◆ **What the task asks**: Write out the entries below once more, exactly, with the pictures left out.

--- --- ---

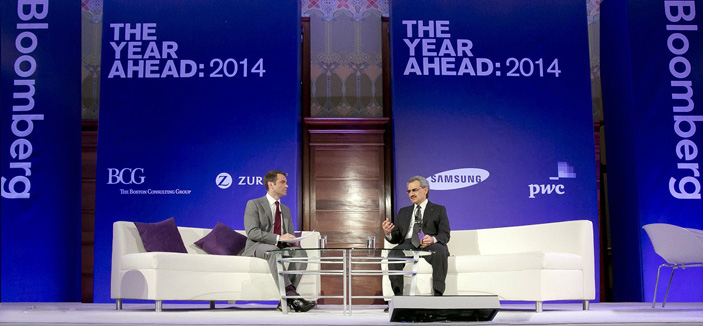 حضر صاحب السمو الملكي الأمير الوليد بن طلال بن عبد العزيز آل سعود، رئيس مجلس إدارة شركة المملكة قمة بلومبرج للأعمال المقام في مدينة شيكاغو في الولايات المتحدة الأمريكية يوم الأربعاء 17محرم 1435هـ الموافق 20 نوفمبر 2013م، وذلك بحضور وفد من شركة المملكة القابضة والمكتب الخاص لسمو الأمير. وشارك الأمير الوليد في حلقة نقاش في المؤتمر بعنوان «حوار مع الأمير الوليد» وأجرى سمو الأمير الوليد محادثة تمحورت حول الاقتصاد العالمي واستثمارات الأمير الوليد وشركة المملكة القابضة المحليَّة والإقليميَّة والعالميَّة بالإضافة إلى إستراتيجية سمو الأمير الاستثمارية والإدارية.
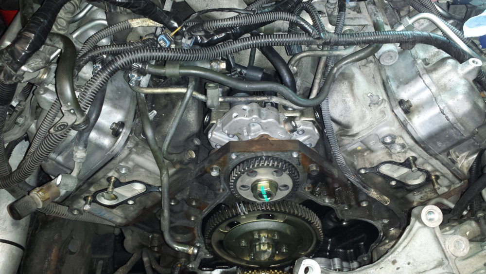 There were two cracks in the timing cover from when I wrecked it. They were exactly where I thought they'd be and I feel much better knowing that I was right, but more so because I didn't do all that work for nothing! Having the timing cover off also allowed me to pull the CP3 gear off before removing the pump itself. That let me remove the pump without having to take the Y bridge out.
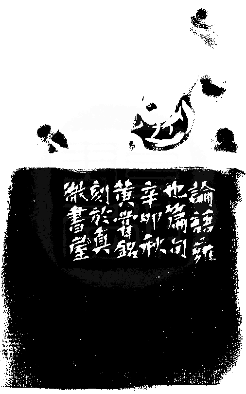黃嘗銘.五十八歲/刻〔仁者先難而後獲〕長橢圓朱文印。邊款為【《論語.雍也》篇句。辛卯秋,黃嘗銘刻於真微書屋。】芙蓉石。
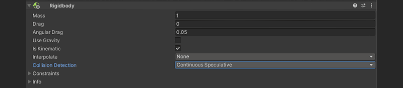 Zorg ervoor dat de 'Mass' van deze Rigidbody op een nummer van 8 tot 12 staat, de 'Drag' op 0, en de 'Angular Drag' op 0.05.
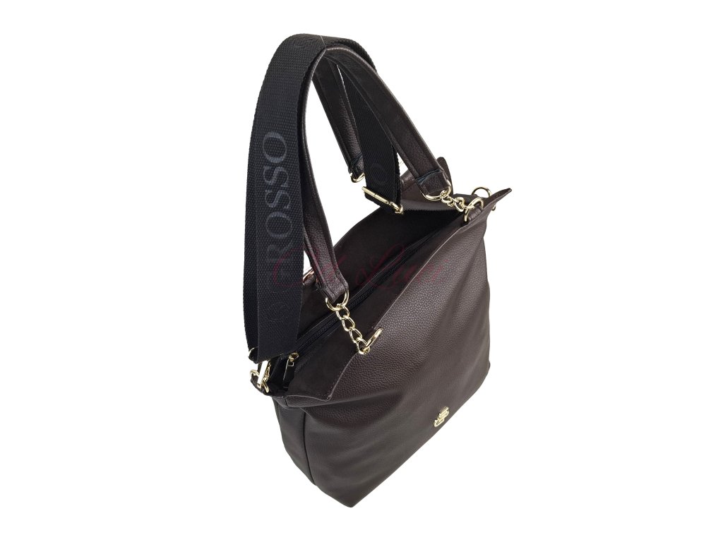 Stylová, moderní a dokonale praktická – přesně taková je tato čokoládově hnědá kabelka přes rameno od slovenského výrobce GROSSO. Elegantní hnědé provedení v teplém čokoládovém odstínu doplňují zlaté kovové detaily, které kabelce dodávají luxusní vzhled a nadčasový šmrnc.
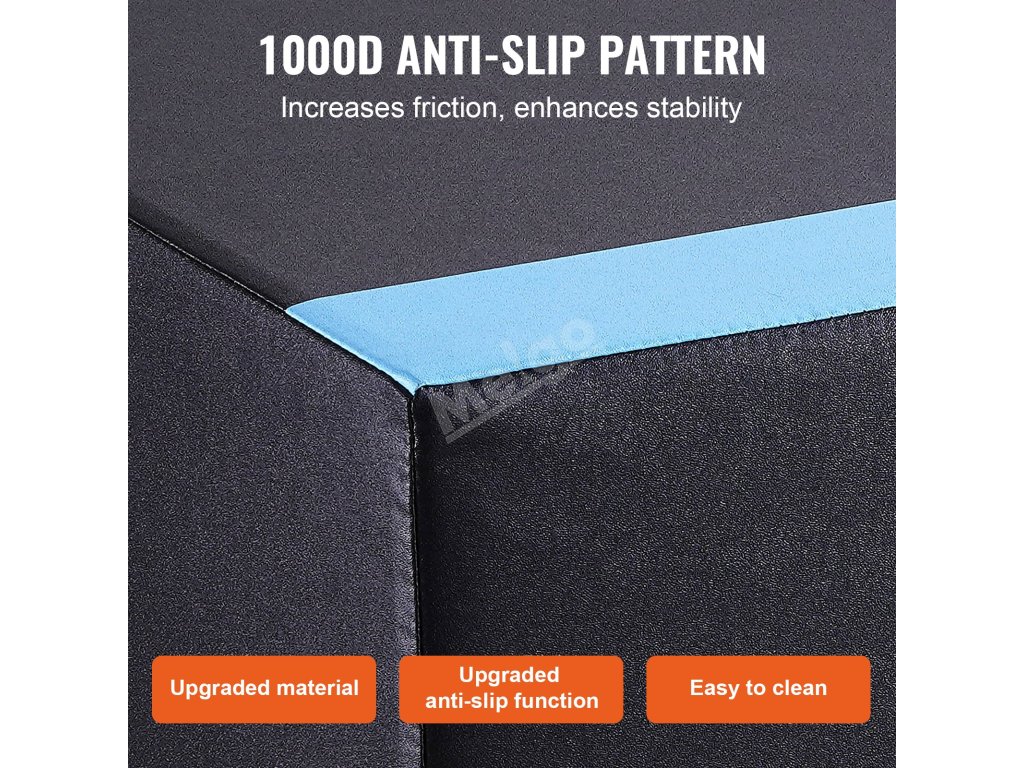 Vylepšený neklouzavý povrch s přilnavým vzorem 1000D, který svou odolností, počtem vláken a hustotou předčí běžnou síťovinu 500D. Zvyšuje tření a stabilitu. Vyplněno recyklovaným bavlněným materiálem, který zvyšuje celkovou hmotnost a zlepšuje stabilitu a poskytuje bezpečné prostředí pro trénink skoků.
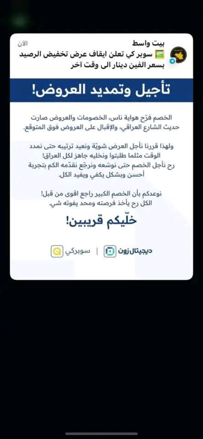 المشاركة الأصلية كتبت بواسطة وسـام اكو عرض تشتري 25 الف رصيد بألفين دينار العرض من ساعة 12 لساعة 2 وقف عد من للكل
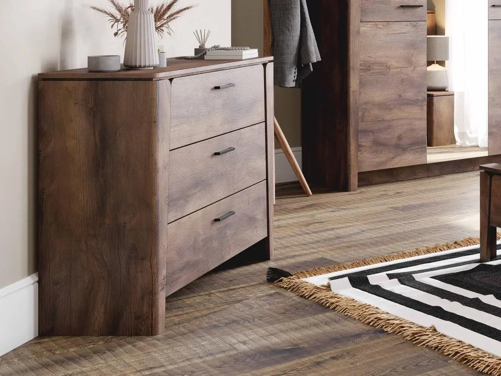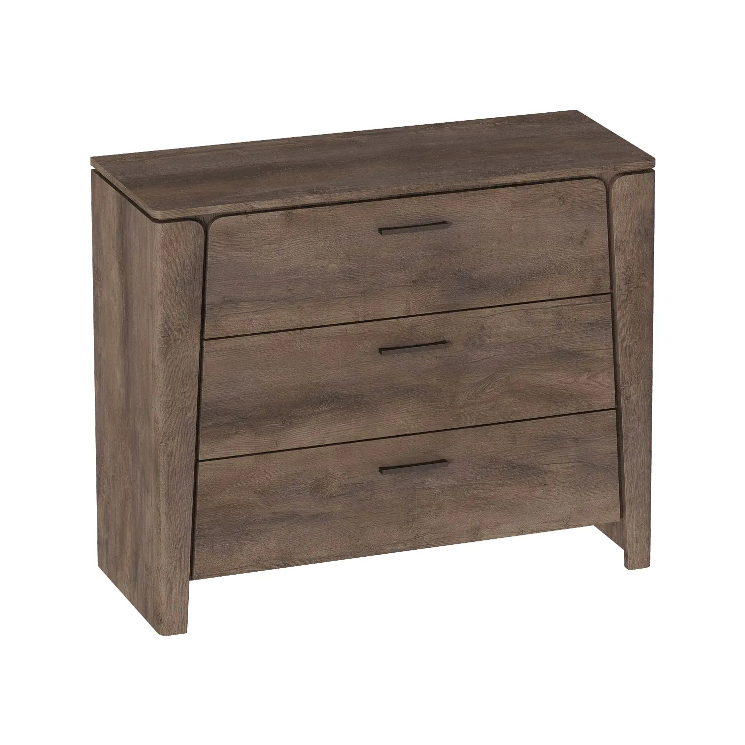 Вместительность комода обеспечивает три выдвижных ящика, которые идеально подходят для хранения одежды, постельного белья и других личных вещей. Каждый ящик оборудован шариковыми направляющими, обеспечивающими плавный и бесшумный ход при использовании. Благодаря этому, вы сможете быстро и без лишних усилий найти нужную вещь и так же легко вернуть ящик на место.
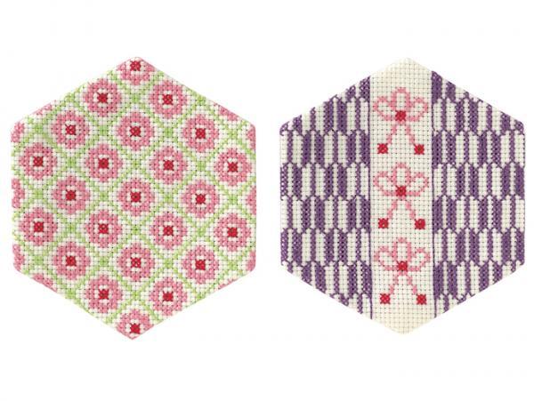 ◆清らかな和模様のコースター◆キット◆おはじき花・花結びと矢羽根◆クロスステッチ◆刺繍◆刺しゅう
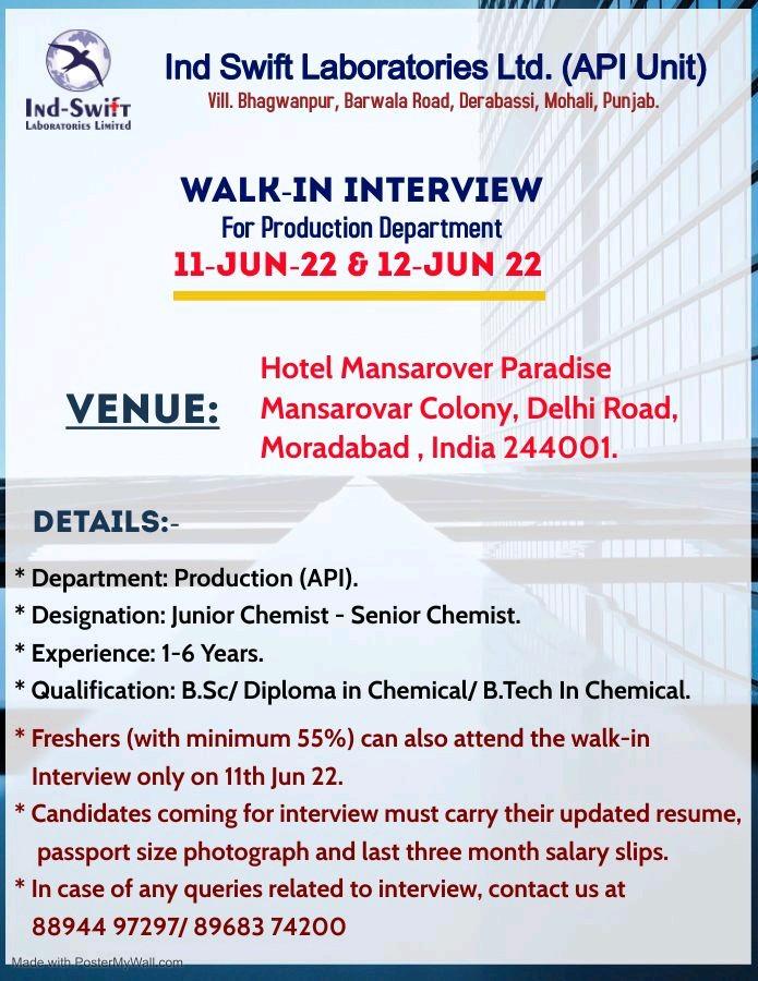 Ind Swift Laboratories Walk In Interview for Production Department 11th & 12th June 2022
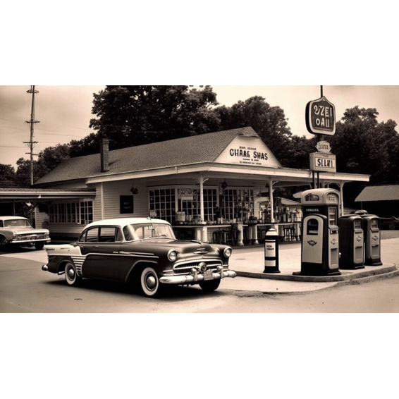 Canvas Wall Art - Canvas Wall Art-Gas Station in the 60s - B1163 - [120 x 80 cm]
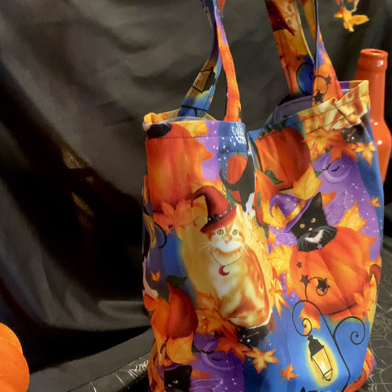 This is a super cute home made Halloween themed bag with the cutest cat witches on it. This would be perfect to hand out candy or to use for trick or treating.
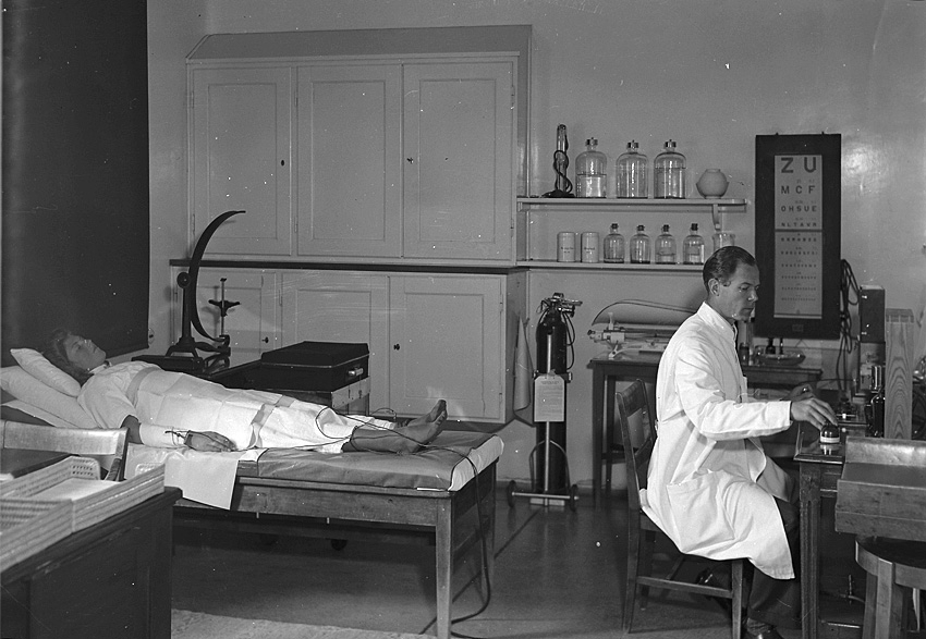 Okänd läkare behandlar patient i behandlingsrum.
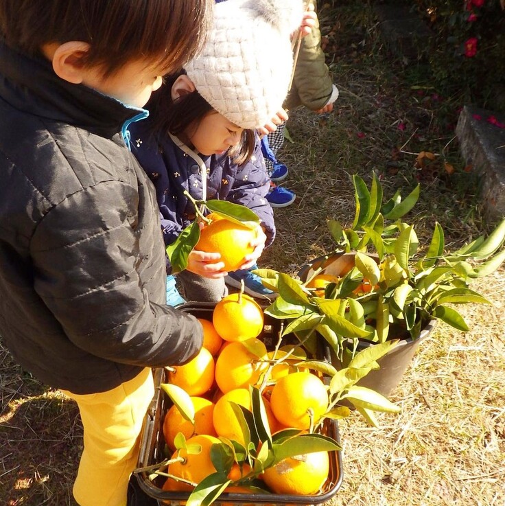 冬には、八朔を収穫し、オナモミの実で遊びます。
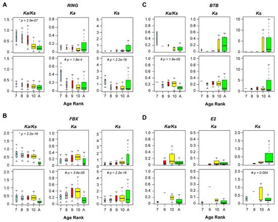 Evolutionary selection analysis of age-ranked orthologous genes from four large UPS gene families. Age ranked orthologous Aly–Ath (top panel) and Osa–Obr (bottom panel) pairs were retrieved as in Figure 3B and subject to codeml analysis in PAML4 [40] with a Ka/Ks free model. The values of Ka/Ks, Ka, and Ks of each pair of RING (A), FBX (B), BTB (C), and E2 (D) orthologous genes were grouped and plotted using boxplot in R. Age rank is described in Figure 1A. Single asterisks and hash symbols indicate that the corresponding values in Aly–Ath orthologous pairs from ages seven to 10 are greater or less than that in Osa–Obr pairs within the same age ranks, respectively. Statistical significance was performed based on Wilcoxon rank sum test (p < 0.05). The width of each boxplot is proportional to the number of orthologous pairs.

--- --- ---

◆ **Exercise solution**:
 حضر صاحب السمو الملكي الأمير الوليد بن طلال بن عبد العزيز آل سعود، رئيس مجلس إدارة شركة المملكة قمة بلومبرج للأعمال المقام في مدينة شيكاغو في الولايات المتحدة الأمريكية يوم الأربعاء 17محرم 1435هـ الموافق 20 نوفمبر 2013م، وذلك بحضور وفد من شركة المملكة القابضة والمكتب الخاص لسمو الأمير. وشارك الأمير الوليد في حلقة نقاش في المؤتمر بعنوان «حوار مع الأمير الوليد» وأجرى سمو الأمير الوليد محادثة تمحورت حول الاقتصاد العالمي واستثمارات الأمير الوليد وشركة المملكة القابضة المحليَّة والإقليميَّة والعالميَّة بالإضافة إلى إستراتيجية سمو الأمير الاستثمارية والإدارية.
 There were two cracks in the timing cover from when I wrecked it. They were exactly where I thought they'd be and I feel much better knowing that I was right, but more so because I didn't do all that work for nothing! Having the timing cover off also allowed me to pull the CP3 gear off before removing the pump itself. That let me remove the pump without having to take the Y bridge out.
黃嘗銘.五十八歲/刻〔仁者先難而後獲〕長橢圓朱文印。邊款為【《論語.雍也》篇句。辛卯秋,黃嘗銘刻於真微書屋。】芙蓉石。
 Zorg ervoor dat de 'Mass' van deze Rigidbody op een nummer van 8 tot 12 staat, de 'Drag' op 0, en de 'Angular Drag' op 0.05.
 Stylová, moderní a dokonale praktická – přesně taková je tato čokoládově hnědá kabelka přes rameno od slovenského výrobce GROSSO. Elegantní hnědé provedení v teplém čokoládovém odstínu doplňují zlaté kovové detaily, které kabelce dodávají luxusní vzhled a nadčasový šmrnc.
 Vylepšený neklouzavý povrch s přilnavým vzorem 1000D, který svou odolností, počtem vláken a hustotou předčí běžnou síťovinu 500D. Zvyšuje tření a stabilitu. Vyplněno recyklovaným bavlněným materiálem, který zvyšuje celkovou hmotnost a zlepšuje stabilitu a poskytuje bezpečné prostředí pro trénink skoků.
 المشاركة الأصلية كتبت بواسطة وسـام اكو عرض تشتري 25 الف رصيد بألفين دينار العرض من ساعة 12 لساعة 2 وقف عد من للكل
 Вместительность комода обеспечивает три выдвижных ящика, которые идеально подходят для хранения одежды, постельного белья и других личных вещей. Каждый ящик оборудован шариковыми направляющими, обеспечивающими плавный и бесшумный ход при использовании. Благодаря этому, вы сможете быстро и без лишних усилий найти нужную вещь и так же легко вернуть ящик на место.
 ◆清らかな和模様のコースター◆キット◆おはじき花・花結びと矢羽根◆クロスステッチ◆刺繍◆刺しゅう
 Ind Swift Laboratories Walk In Interview for Production Department 11th & 12th June 2022
 Canvas Wall Art - Canvas Wall Art-Gas Station in the 60s - B1163 - [120 x 80 cm]
 This is a super cute home made Halloween themed bag with the cutest cat witches on it. This would be perfect to hand out candy or to use for trick or treating.
 Okänd läkare behandlar patient i behandlingsrum.
 冬には、八朔を収穫し、オナモミの実で遊びます。
 Evolutionary selection analysis of age-ranked orthologous genes from four large UPS gene families. Age ranked orthologous Aly–Ath (top panel) and Osa–Obr (bottom panel) pairs were retrieved as in Figure 3B and subject to codeml analysis in PAML4 [40] with a Ka/Ks free model. The values of Ka/Ks, Ka, and Ks of each pair of RING (A), FBX (B), BTB (C), and E2 (D) orthologous genes were grouped and plotted using boxplot in R. Age rank is described in Figure 1A. Single asterisks and hash symbols indicate that the corresponding values in Aly–Ath orthologous pairs from ages seven to 10 are greater or less than that in Osa–Obr pairs within the same age ranks, respectively. Statistical significance was performed based on Wilcoxon rank sum test (p < 0.05). The width of each boxplot is proportional to the number of orthologous pairs.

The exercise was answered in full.